I'm not quite sure what you mean by arbitrary criteria. Like deciding
whether the file was good or bad depending on the file length? If they
used arbitrary criteria then mailiciously provided files would be
accepted by the user. i.e. they'd open what they thought was some
helpful software, and find it was a worm or something.
In order to actually implement the system you would have to have some
sort of authentication server and some approach to handling the meta-data.
I think the interest comes from what type of meta-data you are using.
If your meta-data was a file hash, then you could check the integrity of
the file without having to go to some central authenticator.

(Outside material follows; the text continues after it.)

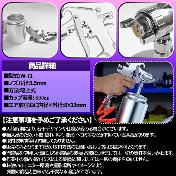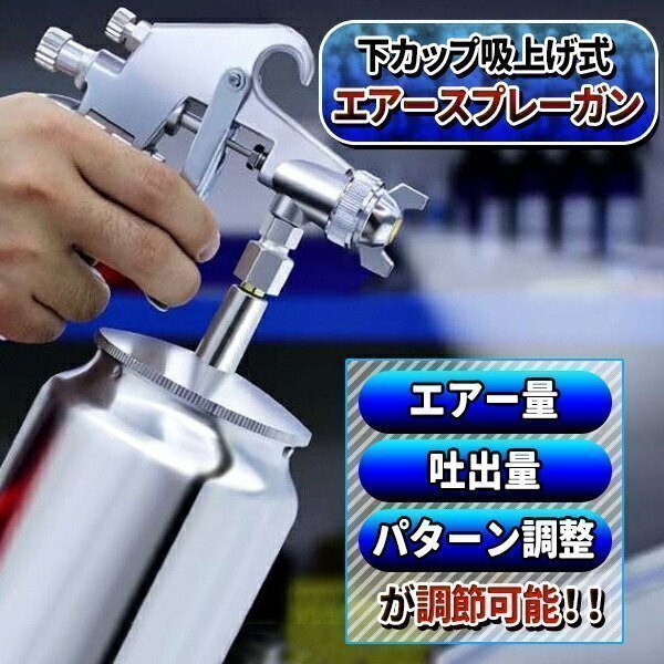 エアースプレーガン 吸上式(下カップ) 600cc ノズル 口径 1.5mm エアスプレーガン エアガン 板金 塗装 洗車 塗装スプレー ポンプ

You'd have
a computational cost instead.
I think you could argue that meta-data was irrelevant to the paper's
results since authentication could be achieved by submitting a
downloaded file along with your serach criteria to some authority
(although I think the meta-data example makes it easier to understand
the problem they are looking at). However authentication seems to be
very strongly related to what the paper is about. Not the process of
authentication necessarily, but the cost associated with it.
And if we are seeing the results of the costs of authenticity in the
paper, then this raises the question of what types of meta-data to use,
e.g. if we say that in order for good performance we need a centrally
managed login, then systems which wanted to be totally decentralised
might restrict authentication to locally authenticable file-hashes.